■ TASK OBJECTIVE:
From the listing below, please restate exactly the lines beginning at the one with "Al corte del" and ending at the one with "跳磴镇党委书记郑勇在欢迎辞中", both included, and skip the pictures.

■ SOURCE DATA:
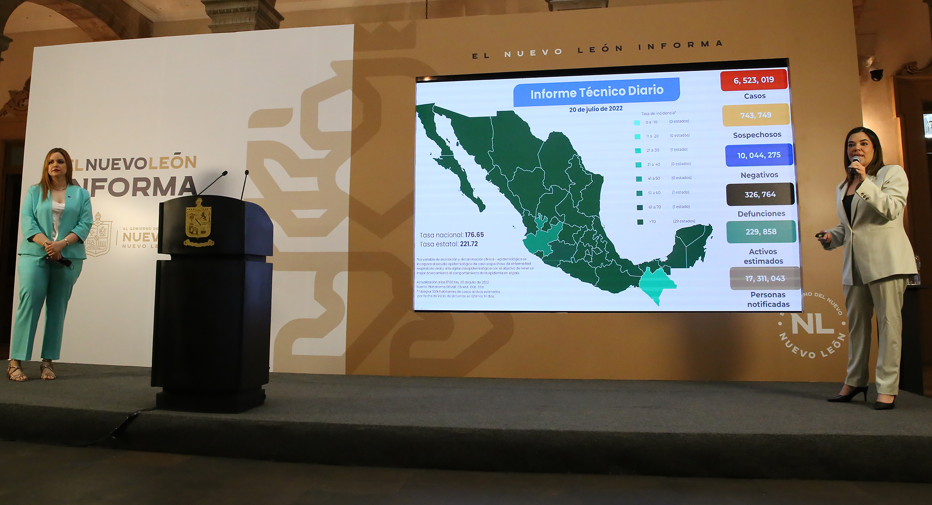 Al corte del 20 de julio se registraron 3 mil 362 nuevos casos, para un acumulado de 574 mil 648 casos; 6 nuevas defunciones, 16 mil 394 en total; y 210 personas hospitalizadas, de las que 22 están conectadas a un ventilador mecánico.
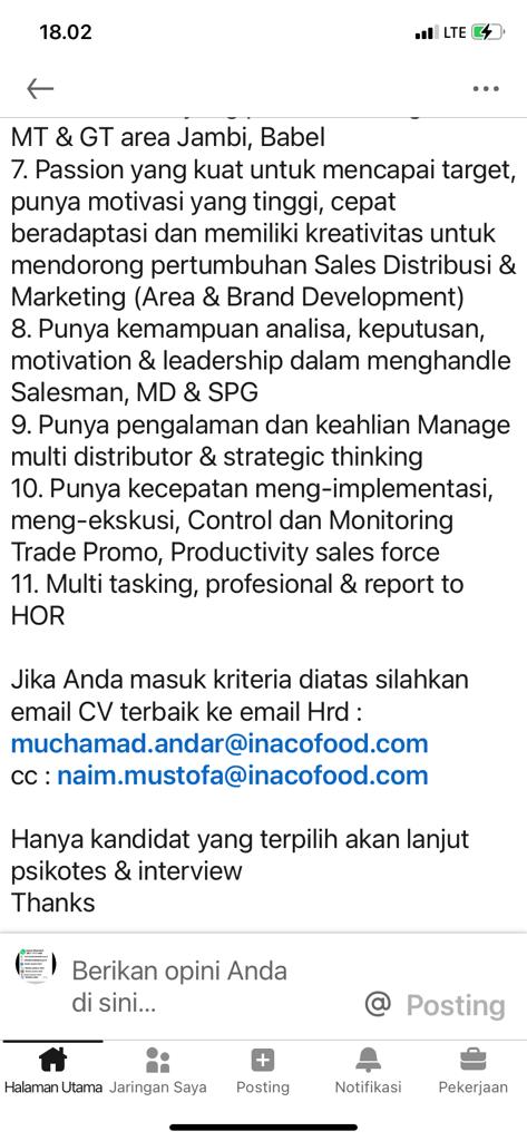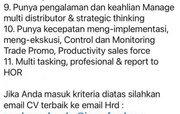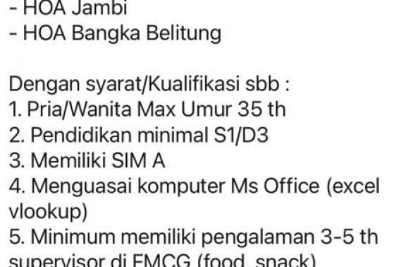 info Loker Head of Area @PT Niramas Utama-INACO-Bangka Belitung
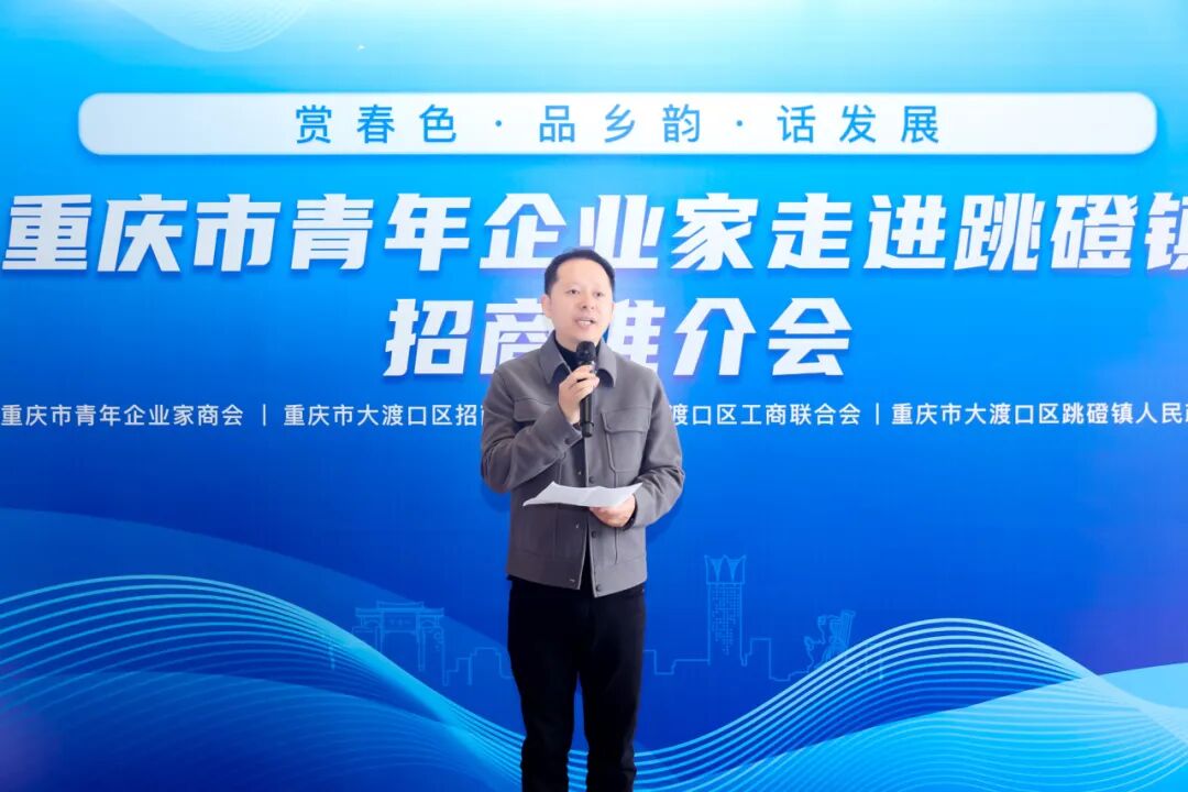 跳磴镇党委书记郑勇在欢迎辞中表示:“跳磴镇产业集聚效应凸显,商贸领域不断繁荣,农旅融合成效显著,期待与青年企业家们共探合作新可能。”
* * *
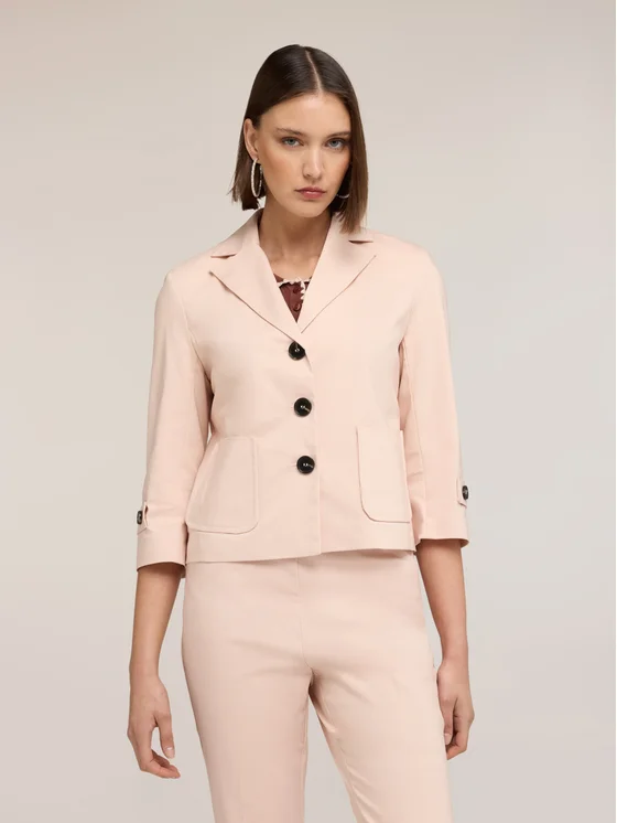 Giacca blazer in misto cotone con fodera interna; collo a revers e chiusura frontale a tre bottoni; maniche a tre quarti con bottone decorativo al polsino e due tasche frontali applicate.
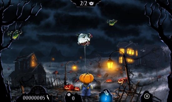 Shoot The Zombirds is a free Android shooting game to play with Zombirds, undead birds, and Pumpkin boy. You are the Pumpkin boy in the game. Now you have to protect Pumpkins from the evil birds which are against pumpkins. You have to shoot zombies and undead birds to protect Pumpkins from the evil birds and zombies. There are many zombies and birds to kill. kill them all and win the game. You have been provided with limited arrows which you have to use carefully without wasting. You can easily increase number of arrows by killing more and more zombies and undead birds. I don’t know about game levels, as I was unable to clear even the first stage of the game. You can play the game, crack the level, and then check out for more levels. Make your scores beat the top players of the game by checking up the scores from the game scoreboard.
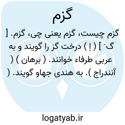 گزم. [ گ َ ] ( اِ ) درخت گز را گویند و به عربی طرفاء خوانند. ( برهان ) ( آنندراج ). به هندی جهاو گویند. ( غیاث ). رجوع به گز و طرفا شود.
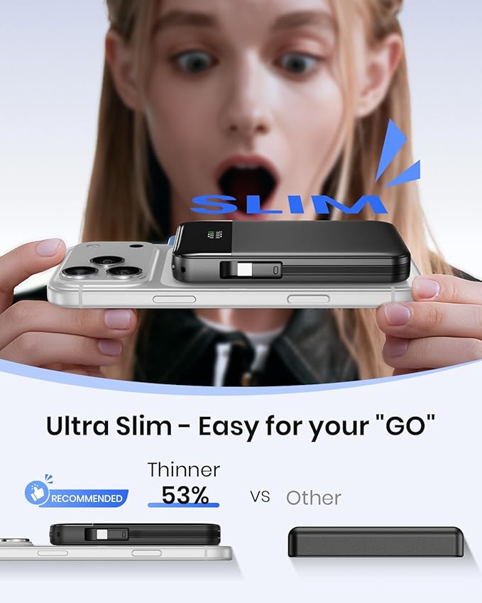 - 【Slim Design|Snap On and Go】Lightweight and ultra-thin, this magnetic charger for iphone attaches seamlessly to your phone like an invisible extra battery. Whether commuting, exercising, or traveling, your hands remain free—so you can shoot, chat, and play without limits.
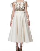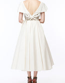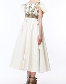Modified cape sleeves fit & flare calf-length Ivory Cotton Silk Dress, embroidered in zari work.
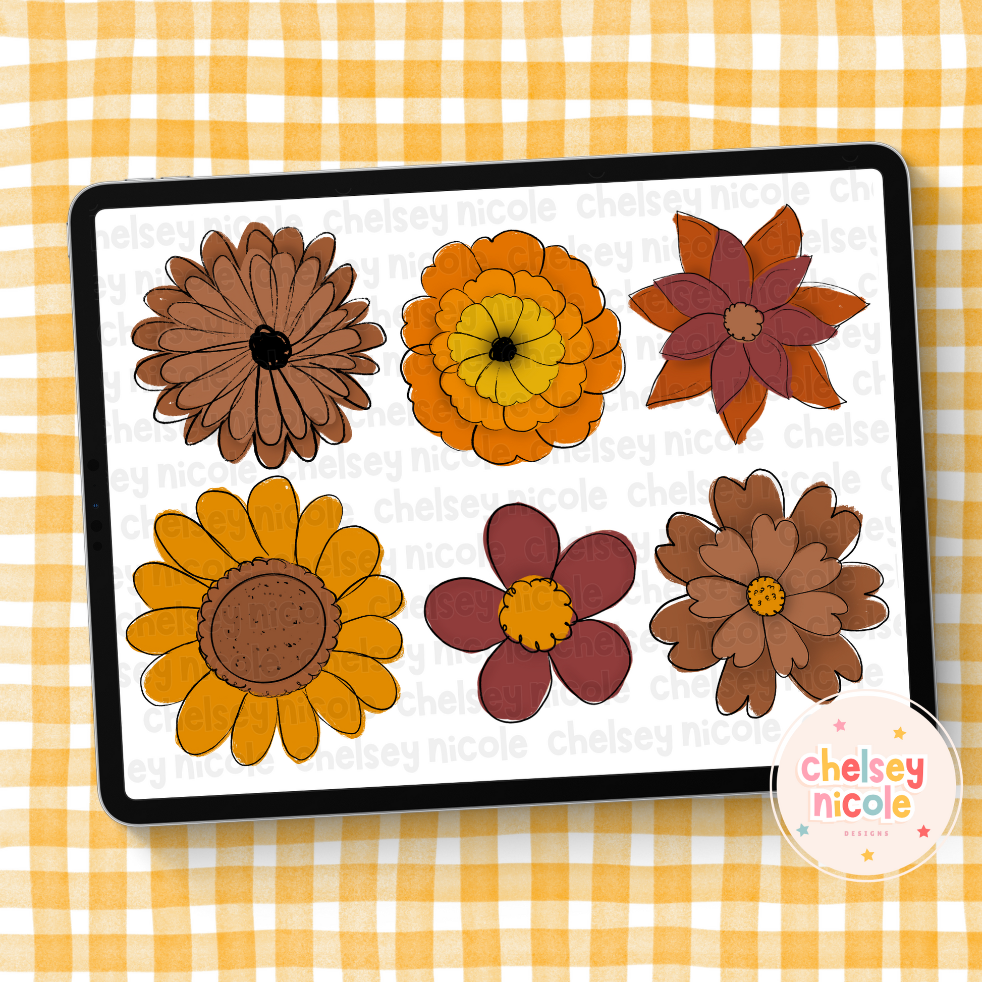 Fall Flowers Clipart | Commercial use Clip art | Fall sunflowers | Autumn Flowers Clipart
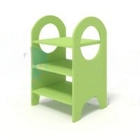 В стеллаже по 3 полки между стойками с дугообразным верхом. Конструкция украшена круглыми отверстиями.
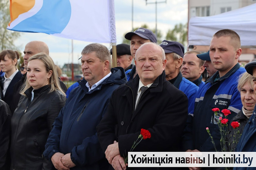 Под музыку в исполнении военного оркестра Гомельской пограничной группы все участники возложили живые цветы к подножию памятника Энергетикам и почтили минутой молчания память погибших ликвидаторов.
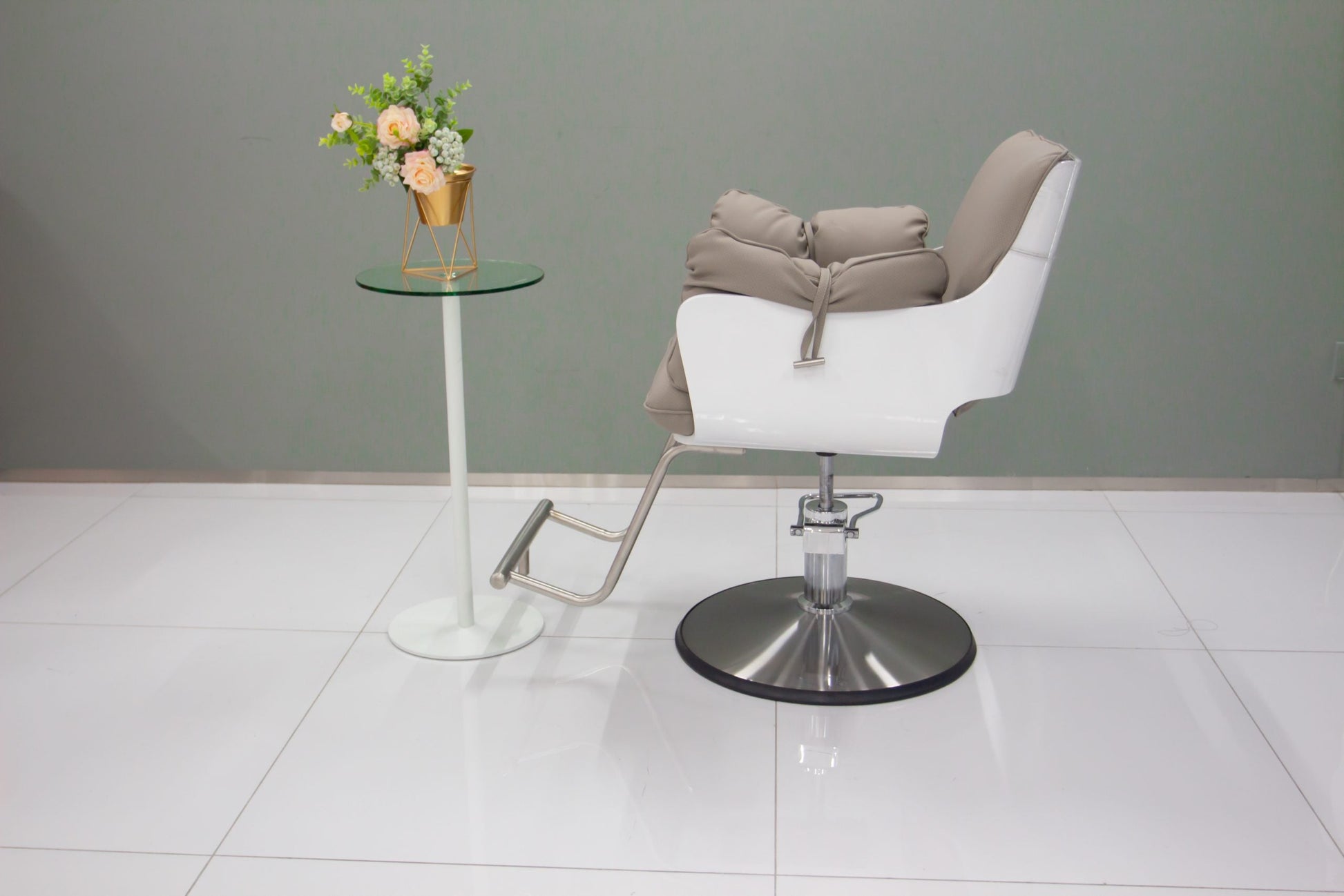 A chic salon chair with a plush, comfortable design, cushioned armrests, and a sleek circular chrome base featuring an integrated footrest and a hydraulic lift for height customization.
--
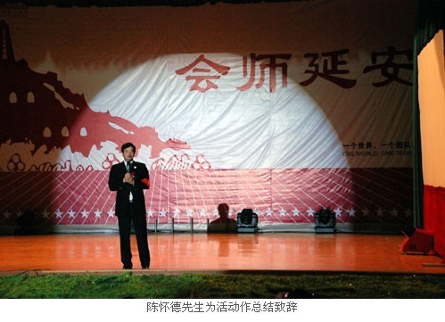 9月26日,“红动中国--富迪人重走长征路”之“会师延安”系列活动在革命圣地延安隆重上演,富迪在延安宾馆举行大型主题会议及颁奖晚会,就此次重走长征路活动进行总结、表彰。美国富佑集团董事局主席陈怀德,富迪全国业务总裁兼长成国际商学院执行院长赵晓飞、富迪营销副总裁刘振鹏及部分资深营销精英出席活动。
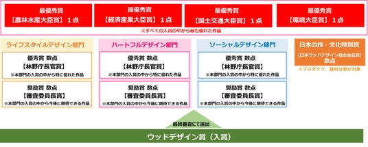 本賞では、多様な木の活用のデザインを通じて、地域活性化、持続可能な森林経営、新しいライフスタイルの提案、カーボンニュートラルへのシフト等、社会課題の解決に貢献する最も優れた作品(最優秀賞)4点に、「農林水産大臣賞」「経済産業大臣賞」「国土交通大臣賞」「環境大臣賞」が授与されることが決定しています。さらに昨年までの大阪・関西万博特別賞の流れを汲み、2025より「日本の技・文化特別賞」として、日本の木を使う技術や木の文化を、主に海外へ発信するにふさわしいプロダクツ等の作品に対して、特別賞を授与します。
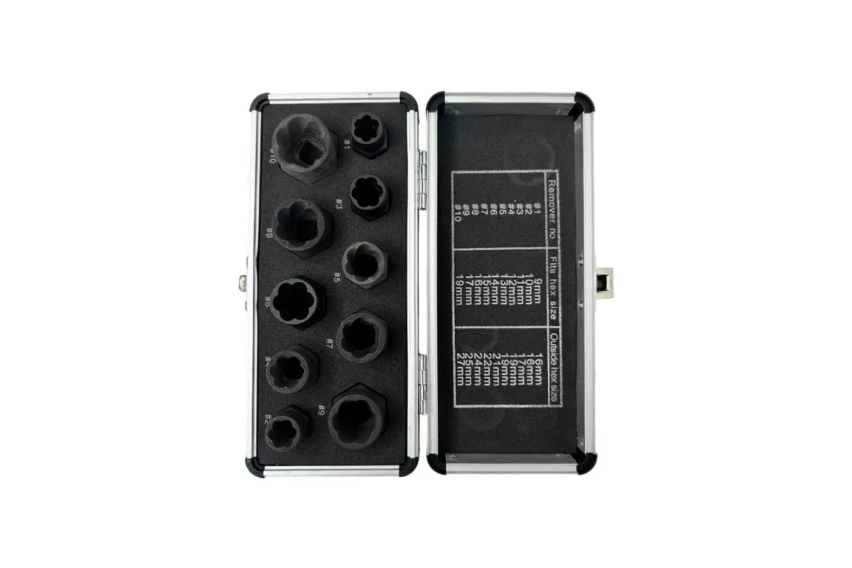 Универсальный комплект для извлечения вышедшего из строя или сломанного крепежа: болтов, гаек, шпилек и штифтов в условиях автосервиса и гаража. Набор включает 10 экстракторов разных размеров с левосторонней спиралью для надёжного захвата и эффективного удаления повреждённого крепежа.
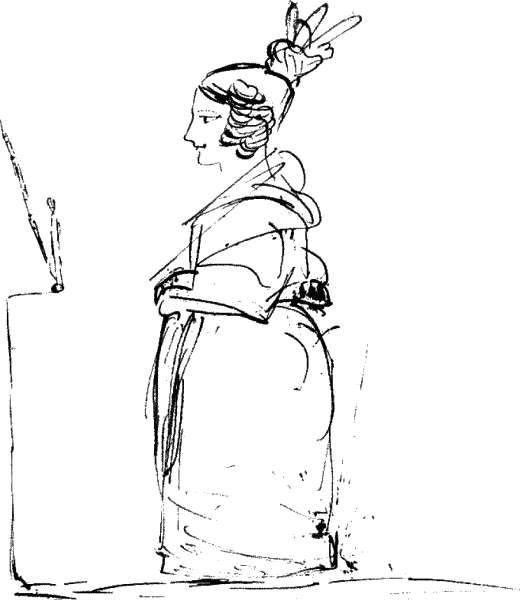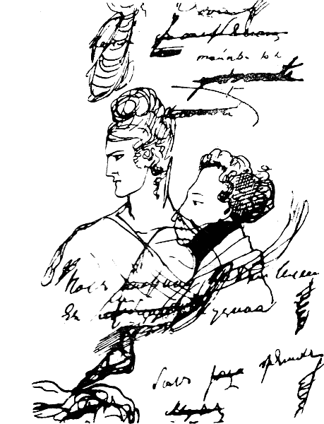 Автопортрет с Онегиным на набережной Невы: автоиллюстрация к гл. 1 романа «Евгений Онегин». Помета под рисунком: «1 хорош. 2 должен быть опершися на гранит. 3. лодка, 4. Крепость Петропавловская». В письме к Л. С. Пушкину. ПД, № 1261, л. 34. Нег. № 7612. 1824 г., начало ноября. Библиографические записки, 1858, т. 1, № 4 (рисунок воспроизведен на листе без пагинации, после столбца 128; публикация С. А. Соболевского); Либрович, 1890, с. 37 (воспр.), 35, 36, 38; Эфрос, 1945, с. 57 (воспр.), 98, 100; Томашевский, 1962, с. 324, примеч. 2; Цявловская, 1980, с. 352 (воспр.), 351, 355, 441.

■ ANSWER FOR THIS EXERCISE:
 Al corte del 20 de julio se registraron 3 mil 362 nuevos casos, para un acumulado de 574 mil 648 casos; 6 nuevas defunciones, 16 mil 394 en total; y 210 personas hospitalizadas, de las que 22 están conectadas a un ventilador mecánico.
 info Loker Head of Area @PT Niramas Utama-INACO-Bangka Belitung
 跳磴镇党委书记郑勇在欢迎辞中表示:“跳磴镇产业集聚效应凸显,商贸领域不断繁荣,农旅融合成效显著,期待与青年企业家们共探合作新可能。”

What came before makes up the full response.